In MathML3 we want to follow the same general model, but have the definitionURL attribute for specifying meaning. Here we would use the URL currently. There was some discussion whether we should have one big CD for MathML or many small ones, … Sam Dooley remarked that if we were to use the OM triplet, then he would like to treat the cd attribute like a cdbase now, which inherits…, then we could write <apply cd="mathml">...<csymbol name="plus"/> ...</apply> (especially if we had one big CD for all MathML, then we could make the cd=”mathml” a default on the <math> element…). Frankly I find this quite attractive (after having thought about it).

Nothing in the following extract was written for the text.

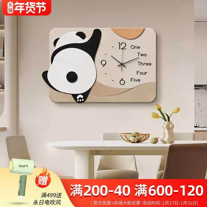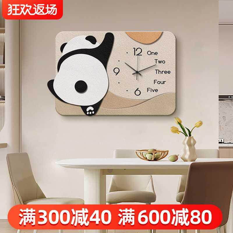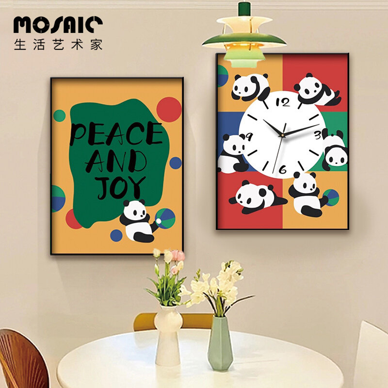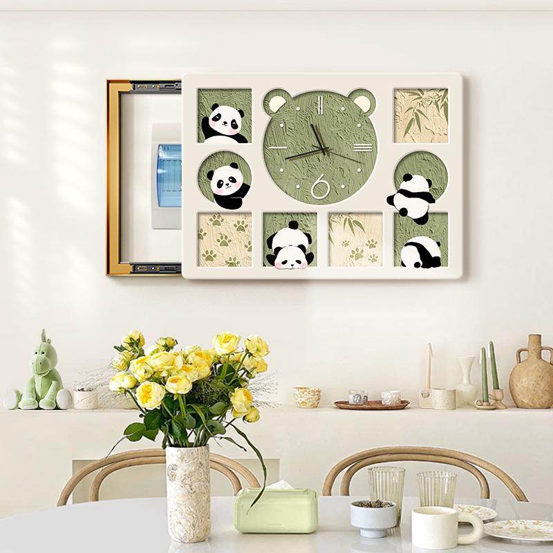 奶油风卡通电表箱装饰画熊猫童趣客餐厅可遮挡电表箱时钟画钟表

I would like to take this idea a little further in MathML3: like MathML2 we use a single URI-type attribute for symbol referencing, let’s call it pref (path ref; just to distinguish it from definitionURL for this post, it could in the end becomd definitionURL to keep backwards compatibility; after all MathML does not say what kind of URLs definitionURL should be; convenient).

So we use pref attributes on csymbols, and take xml:base into the picture we can write

<csymbol pref=""/>

<math xml:base="">.... <csymbol pref="arith1/plus"/>...</math>

and even

<math xml:base="">
<apply xml:base="arith1">
<csymbol pref="plus"/>...</math>

This would make a very simple framework. All the URIs can be used for REST-ful access to the relevant features (symbol declarations in the CDs), and relative URIs work as expected. And if we write content dictionaries in a somewhat atomic way, then we can even supply them on a static web server. It would be quite simple to configure apache that it really generates the right files, for instance, in the directory …/arith1 we could have ocd.php with the CD skeleton and inclusions for the symbol declarations which are represented as files in the directory. e.g. arith1/plus.

That would make it quite simple to set up a structure that would make the cds meaningful.